* Action item *
Line by line, set down all the data below exactly, omitting any picture.

* Raw data *
[Start of Attachment]

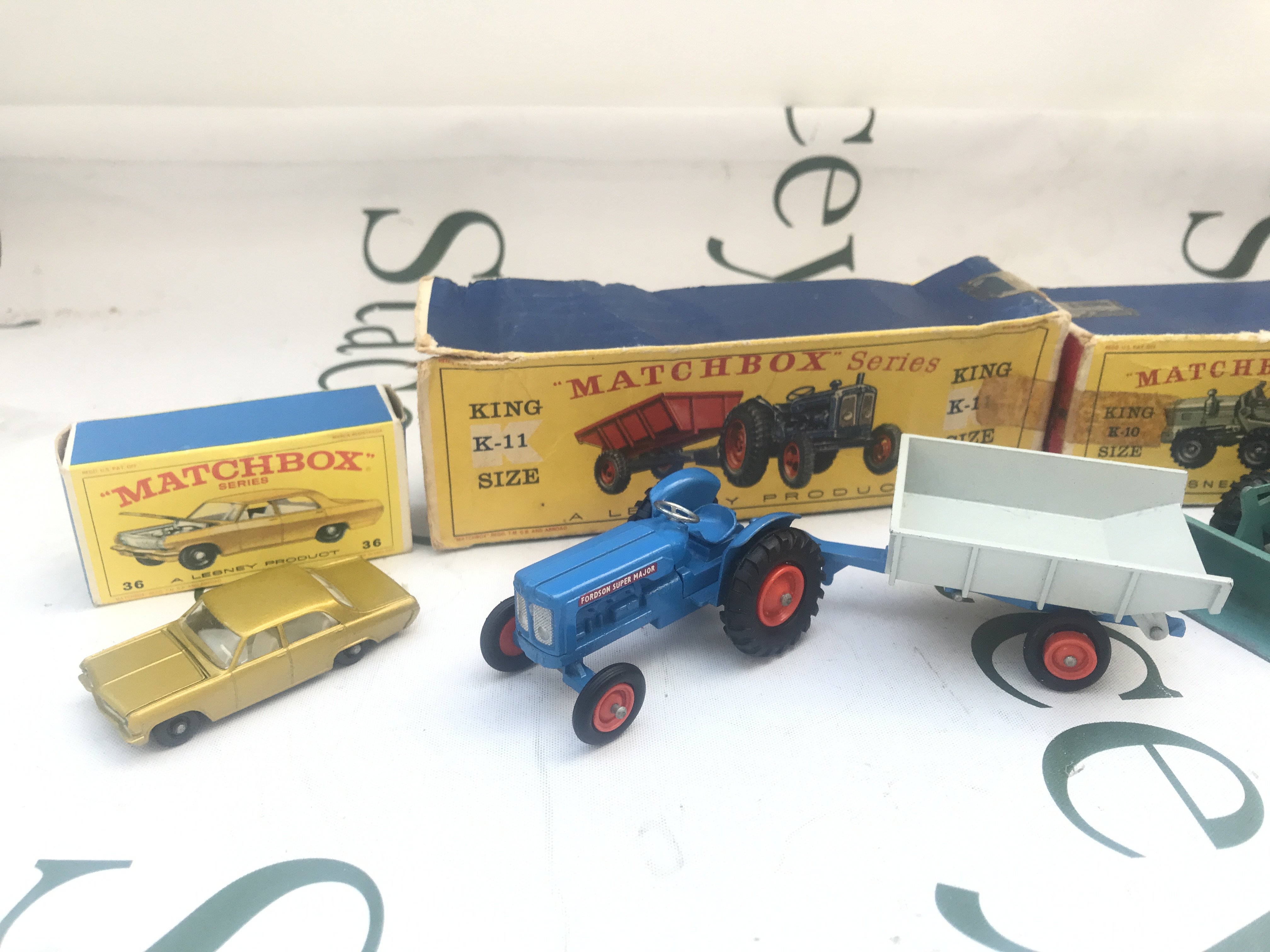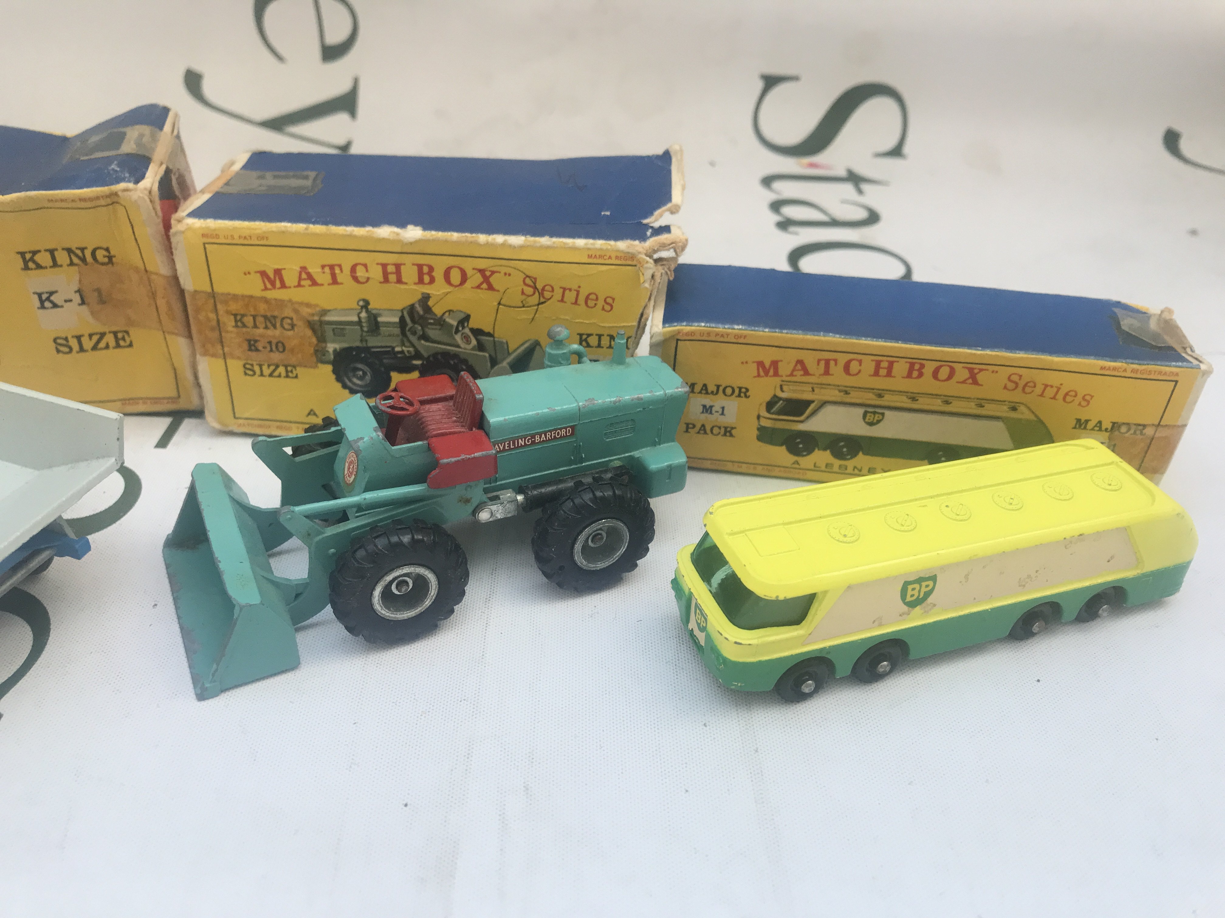 A Collection Of 4 Matchbox Vehicles. A Opel Diplomat #36 A Fordson Tractor and Trailer K-11. A Tractor Shovel #K-10 And A BP Petrol Tanker #M-1. Boxes Are Worn.
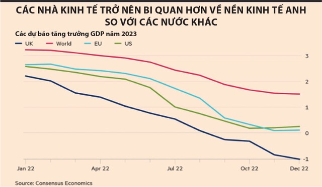 Các dự báo do Consensus Economics tổng hợp cho thấy, GDP năm 2023 của Anh sẽ giảm 1%, khu vực đồng tiền chung Euro tăng 0,1%, Mỹ tăng 0,25%, toàn cầu tăng 1,5%.
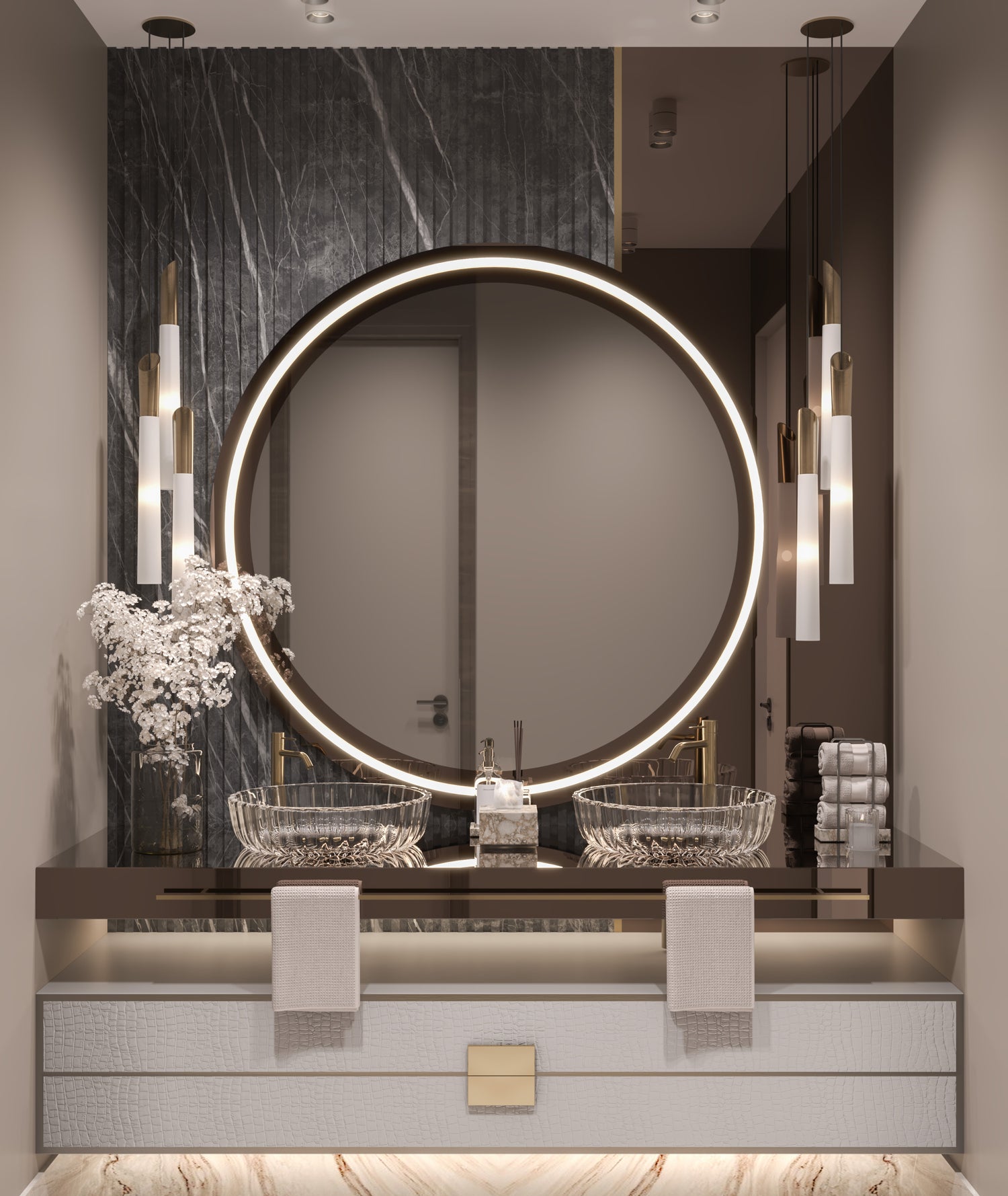 This villa was envisioned with a sophisticated design concept that reflects the prestige and modern luxury of Jumeirah living. Every space was curated with precision—balancing contemporary aesthetics, refined textures, and warm, inviting tones to create a seamless and elevated atmosphere.

[End of Attachment]

* Answer section *
 A Collection Of 4 Matchbox Vehicles. A Opel Diplomat #36 A Fordson Tractor and Trailer K-11. A Tractor Shovel #K-10 And A BP Petrol Tanker #M-1. Boxes Are Worn.
 Các dự báo do Consensus Economics tổng hợp cho thấy, GDP năm 2023 của Anh sẽ giảm 1%, khu vực đồng tiền chung Euro tăng 0,1%, Mỹ tăng 0,25%, toàn cầu tăng 1,5%.
 This villa was envisioned with a sophisticated design concept that reflects the prestige and modern luxury of Jumeirah living. Every space was curated with precision—balancing contemporary aesthetics, refined textures, and warm, inviting tones to create a seamless and elevated atmosphere.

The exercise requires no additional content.